The organisation of the University was such that the instruction was largely separate from the detail of discipline and maintenance of the student. Each student lived as he could, sought the teaching of such masters as suited his immediate purpose, and presented himself for academic honours whenever he was ready. A student of means lodged at his own cost in a private house or private Hall, and lived subject only to the general discipline of the University and the town. For poor students there existed, as in England, "colleges"—i. e., primarily lodging- and boarding-houses under a stricter oversight. These colleges were not primarily intended to provide instruction, a function which was only gradually assumed by them as their endowments grew to be larger than were needed to provide the ordinary necessities of living. Their teachers were rather tutors or "coaches" than men of independent scholarship; their function was to supplement by repetition and personal attention the public teaching of the more eminent university professors.

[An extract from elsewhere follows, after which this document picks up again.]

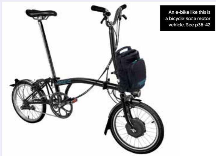
An e-bike like this is a bicycle not a motor vehicle. See p36-42

Questions answered, subjects explained – Cyclopedia is your bimonthly cycling reference guide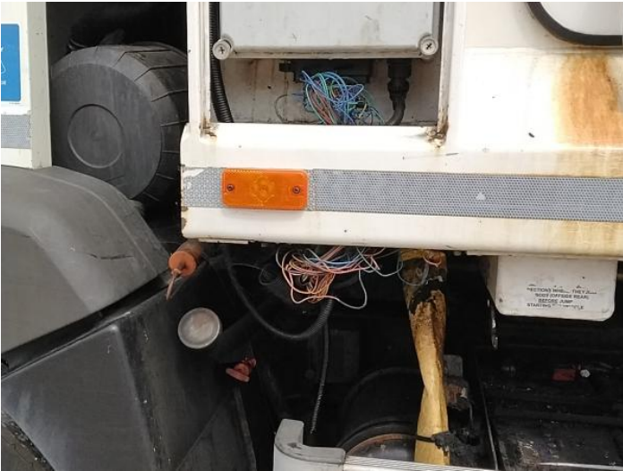
9: Other N/A N/A

The Collége Montaigu, into which Erasmus entered, was a foundation of some antiquity, but during the previous generation had fallen into complete decay, so that nothing was left of it but the buildings. About 1480 it had taken a new lease of life under one John Standonch,[27] who devoted himself to its service. As master of the college he could make something by teaching, and gradually, through his own activity and that of his fellows, had got together enough so that he could give lodging and partial board to a certain number of poor students. By the year 1493 he was thus partially maintaining over eighty. The rest of their support they got as they could, by begging or otherwise.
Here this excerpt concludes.